Information supplied:
_ _ _
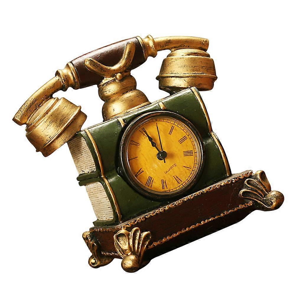Resin Telephone Clock Decor for Office and Home 2Pcs Desktop Ornament
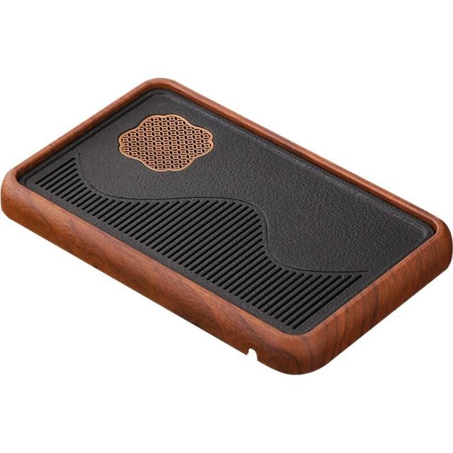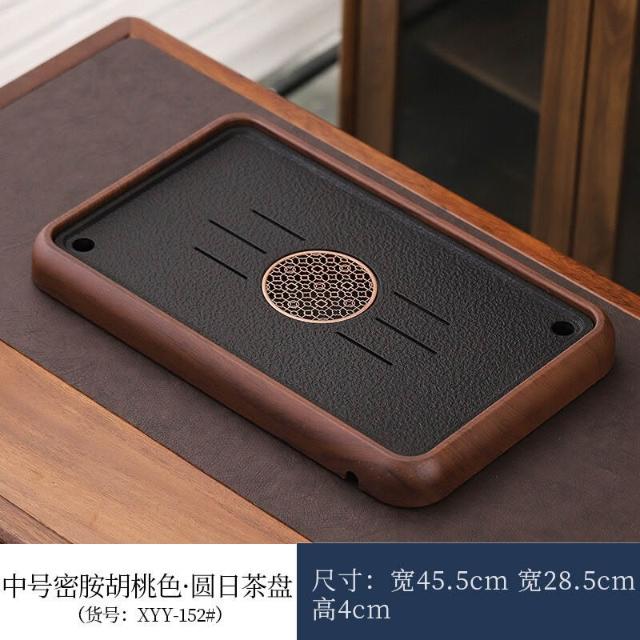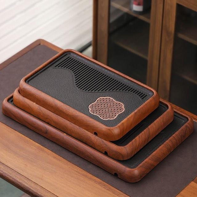 栖心 仿花梨木新款家用茶盤烏金石板幹泡盤蓄排瀝水茶托盤茶臺功夫茶具 14d
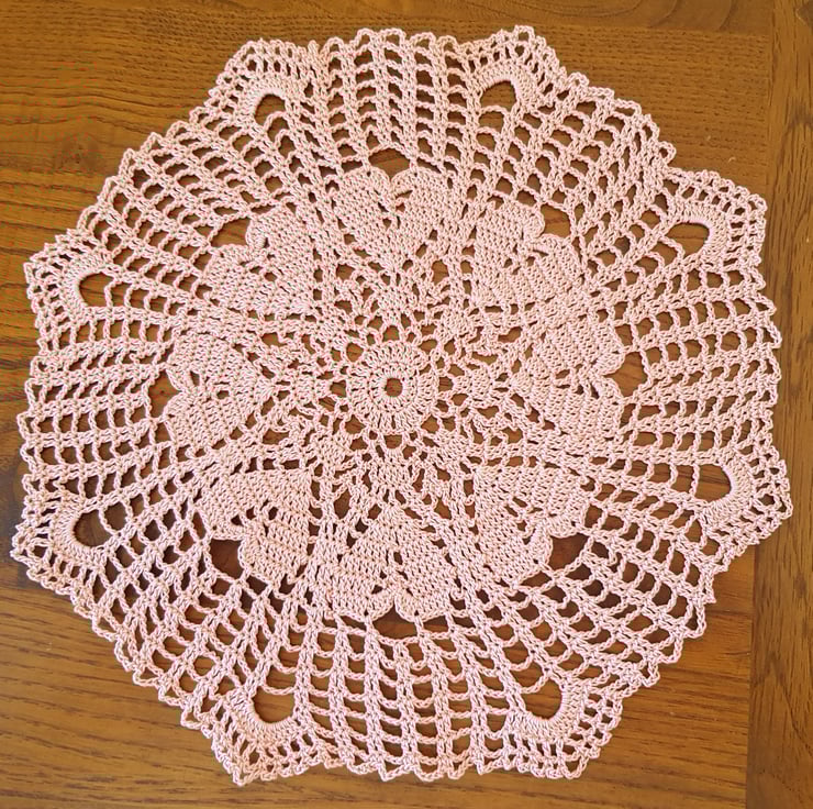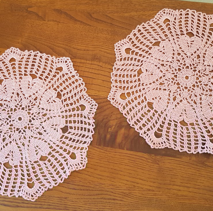 Lovely pair of doilies, table decorations or mats - in a vibrant coral pink - lovely hearts design
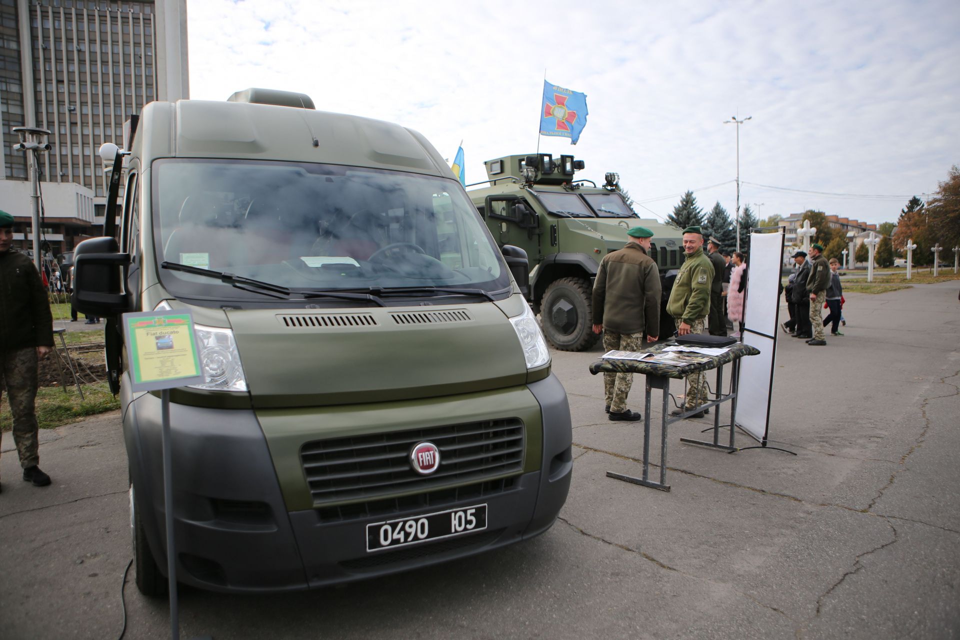 Нацгвардійці демонструють своє знаряддя, показують екіпіровку та військову техніку, яка зараз застосовується у війні на Сході України. Зокрема, бронемашина «Варта», вантажівка-операційна, броньовані KRAZ та вантажівки МАЗи для перевезення військових.
_ _ _
Work required:
Leave every picture out and write out exactly the lines from the line with "栖心 仿花梨木新款家用茶盤烏金石板幹泡盤蓄排瀝水茶托盤茶臺功夫茶具 14d" through the last line of the material.

Response below:
 栖心 仿花梨木新款家用茶盤烏金石板幹泡盤蓄排瀝水茶托盤茶臺功夫茶具 14d
 Lovely pair of doilies, table decorations or mats - in a vibrant coral pink - lovely hearts design
 Нацгвардійці демонструють своє знаряддя, показують екіпіровку та військову техніку, яка зараз застосовується у війні на Сході України. Зокрема, бронемашина «Варта», вантажівка-операційна, броньовані KRAZ та вантажівки МАЗи для перевезення військових.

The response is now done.